Era oggi un anno fa: una data che inconsciamente vorrei dimenticare, così come tendo a voler nascondere gli eventi osceni, dolorosi ed esecrabili ammantandoli di un alone romanzesco: strofinare forsennatamente l’argenteria, affinché non si veda proprio quell’ammaccatura, quel graffio che tanto stona nello sbrilluccichio. Eppure, in quel solco c’è scritta una storia e in questo giorno c’è il senso recondito, profondo e autentico di ciò che sono e di quello che non sarò mai più; c’è la sensazione che, nonostante tutto, ho la fortuna di baciarti ogni sera e sentirmi benedetta; c’è la lezione più grande e, al contempo, il lusso che è riservato a pochi: mi stavi scivolando tra le dita, senza che potessi dirti quello che sento, invece oggi posso scrutare la luce buona dei tuoi occhi e sussurrartelo con parole semplici.
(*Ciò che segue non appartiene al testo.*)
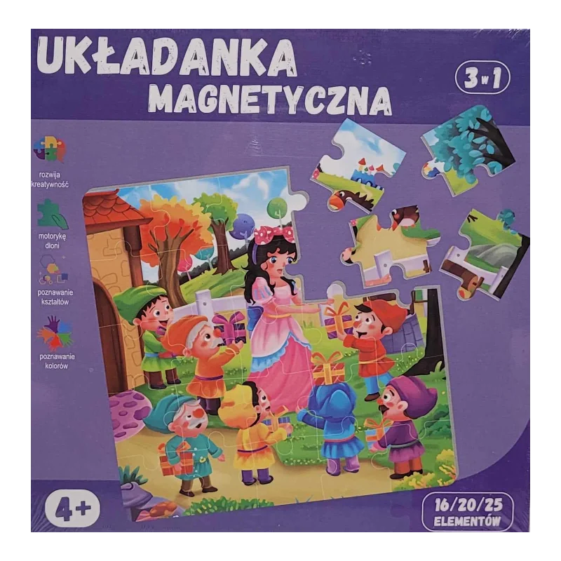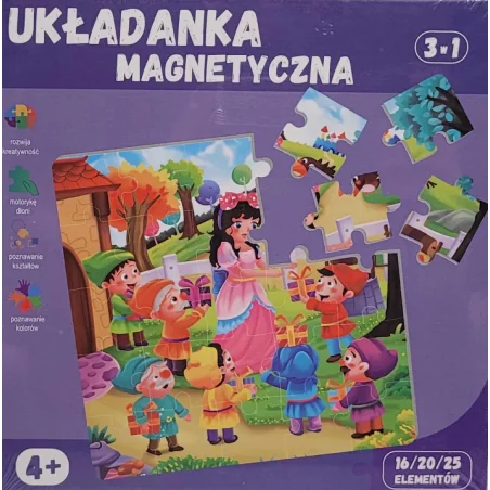 PUZZLE UKŁADANKA MAGNETYCZNA 3 w 1 to zestaw 16/20/25 elementów wykonanych z trwałego i bezpiecznego kartonu. Dzięki magnetycznym elementom, dziecko może łatwo połączyć elementy i ułożyć trzy różne obrazki. Produkt przeznaczony jest dla dzieci

C’è la consapevolezza che mai persona è stata tanto amata nella mia costellazione di supernove schiantate e perse, che, sebbene la mia scarsa autoindulgenza non mi conceda sconti -ma una lista infinita di rimproveri per i fallimenti e le procrastinabilità- guardando indietro con terrore a quel giorno, mi chiedo come sia riuscita a sorreggere la nostra familiare “caduta degli dei” proprio con la stessa forza e la stessa altera dignità che mi hai insegnato tu.
Allora mi dico che sì, in fondo questa volta ho fatto la brava.
Sai una cosa? Adesso respiro di nuovo.